──────── Supplied entries

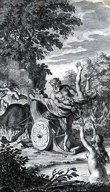 Orgulloso con su presa, lanzó a todo correr sus caballos negros, abrió la tierra con un golpe de su cetro y se hundió en el reino de las tinieblas.
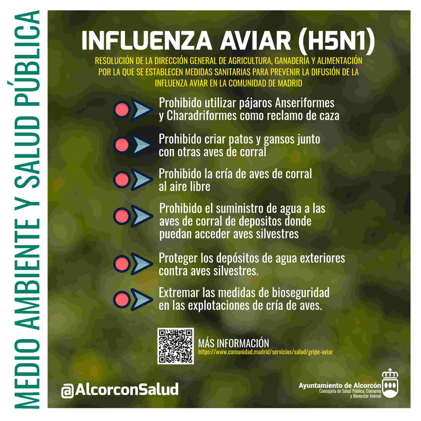 La Comunidad de Madrid ha activado medidas sanitarias de prevención frente a la influenza aviar (H5N1) con el objetivo de proteger la salud animal y evitar la propagación del virus.
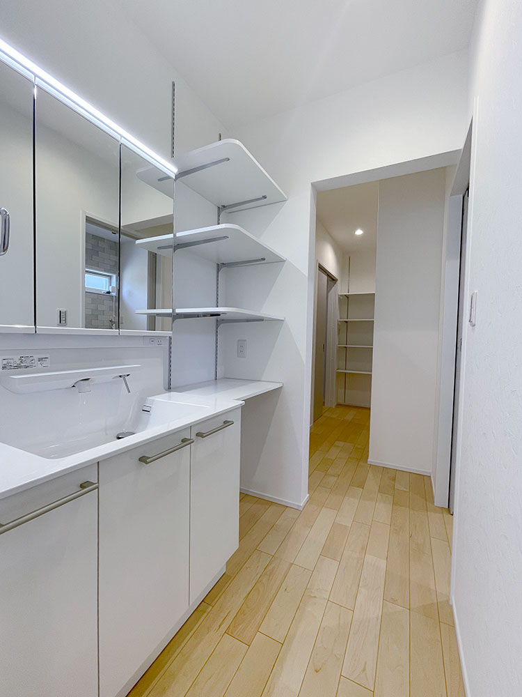 生活動線を考えて洗面台の位置を配慮した3LDKの住まい
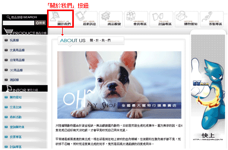 「關於我們」單元,可以詳細介紹商城或介紹公司,讓網友進一步認識您。此單元建議必填,否則前台「關於我們頁面」呈現空白。
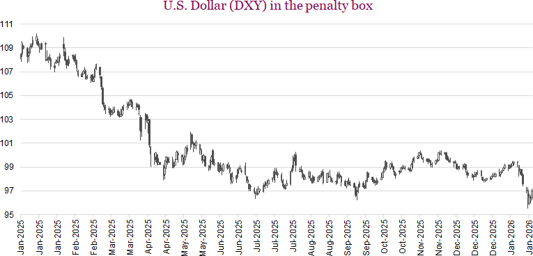 While the U.S. also experienced volatility, equities benefited from steady economic conditions and supportive corporate fundamentals. So far, Q4 earnings have been positive, with roughly three-quarters of companies beating profit expectations and blended earnings growth tracking near double digits, led by large tech companies. The Fed maintained its policy rate at 3.50%–3.75%, signaling a data-dependent, “wait-and-see” approach as inflation continues remain a concern. While discussions around future Fed leadership and policy direction added uncertainty, markets mostly focused on resilient growth and corporate profitability. Still, markets appear skeptical of the U.S., which we can see by the decline in the dollar. The dollar’s weakness comes amid rising fiscal deficits and increased policy uncertainty. The dollar did, however, get a boost towards the end of the month following the nomination of Kevin Warsh as the next Fed chair, a choice viewed as hawkish on inflation and supportive of tighter monetary policy. Expectations that rates could remain higher for longer briefly lifted Treasury yields and provided near-term support for the dollar, underscoring how sensitive currency markets remain to shifts in policy expectations.
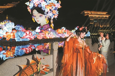在2025年粤港澳大湾区灯会上,“簪花女神”灯组深受游客喜爱。广州日报全媒体记者莫伟浓 通讯员刘伟、罗仲贤摄

────────────────

### [Brief]
Find the line holding "生活動線を考えて洗面台の位置を配慮した3LDKの住まい" in the data above. Retype it and every later line exactly, through the end, but not the pictures.

### [Response]
 生活動線を考えて洗面台の位置を配慮した3LDKの住まい
 「關於我們」單元,可以詳細介紹商城或介紹公司,讓網友進一步認識您。此單元建議必填,否則前台「關於我們頁面」呈現空白。
 While the U.S. also experienced volatility, equities benefited from steady economic conditions and supportive corporate fundamentals. So far, Q4 earnings have been positive, with roughly three-quarters of companies beating profit expectations and blended earnings growth tracking near double digits, led by large tech companies. The Fed maintained its policy rate at 3.50%–3.75%, signaling a data-dependent, “wait-and-see” approach as inflation continues remain a concern. While discussions around future Fed leadership and policy direction added uncertainty, markets mostly focused on resilient growth and corporate profitability. Still, markets appear skeptical of the U.S., which we can see by the decline in the dollar. The dollar’s weakness comes amid rising fiscal deficits and increased policy uncertainty. The dollar did, however, get a boost towards the end of the month following the nomination of Kevin Warsh as the next Fed chair, a choice viewed as hawkish on inflation and supportive of tighter monetary policy. Expectations that rates could remain higher for longer briefly lifted Treasury yields and provided near-term support for the dollar, underscoring how sensitive currency markets remain to shifts in policy expectations.
在2025年粤港澳大湾区灯会上,“簪花女神”灯组深受游客喜爱。广州日报全媒体记者莫伟浓 通讯员刘伟、罗仲贤摄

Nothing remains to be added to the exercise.